Petr and Simona are rearing nine children, from around age three to late teens in there ramshackle homestead in Šumava in southern Bohemia. They don't have much money - as evidenced by a trip at the start of the film to a Czech employment office - but they work as a collective, sharing the chores. It's a Bohemian lifestyle to the full, with the youngest children often seen scurrying up trees to worryingly high altitudes without their dad batting an eye-lid.
There's unstructured but seemingly thorough home schooling from Simona and, in many respects, the kids seem perfectly happy. They're also talented. The two oldest boys make guitars and play flamenco music on them in perfect synch, often to raise cash for the family, while one of the youngest, being tested on her maths skills in a school room, shows she's learnt plenty with the help of her mum.
In every idyll, however, there is a 'but' and, in this case, it's the ever-present Petr, who has some very precise views of what it means to be a father - or as he terms it "author" of his family. It's not just that he packs all but one of them off in a camper van to live in the shadow of a motorway bridge in Spain - a move, which like much of the film is observed by director Eva Tomanová without any explanation. He also seems to be omnipresent elsewhere, such as when one of his sons declares "I've always been happy," while being unable to go into detail and looking apprehensively at his dad. Equally, when one of his youngest girls is quizzed about whether she has ever received a present, seems unable to answer and keeps glancing at him as if for confirmation.
Beyond that, there are frequent references to corporal punishment. Although we never see Petr do more than lightly cuff one of his children over the head, he often mentions smacking and the fact that it has an immediate effect on them speaks volumes.

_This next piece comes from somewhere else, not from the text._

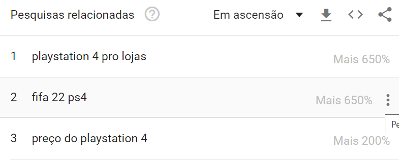 O interesse disparou para mais de 650% nas últimas quatro horas, e os dois assuntos que vem depois também tem link com o veterano: ‘FIFA 22 PS4’, também com um interesse gritante de mais de 650% e, por fim, ‘Preço do Playstation 4’.

Tomanová, making her debut here, shows rather than tells their story, leaving us to interpret whether the girl's school testing is related to the family packing up and heading to Spain is a bid to avoid state intervention or merely just part of an annual pilgrimage to escape the worst of the cold. She let's the children's wariness of their father speak for itself, a hands-off approach that is sometimes frustrating as we wonder what, if any, part social workers or the state are involved with the family. As the film ends, there is a suggestion that "always" may not be forever at least for some of the clan, a development that most will view as optimistic.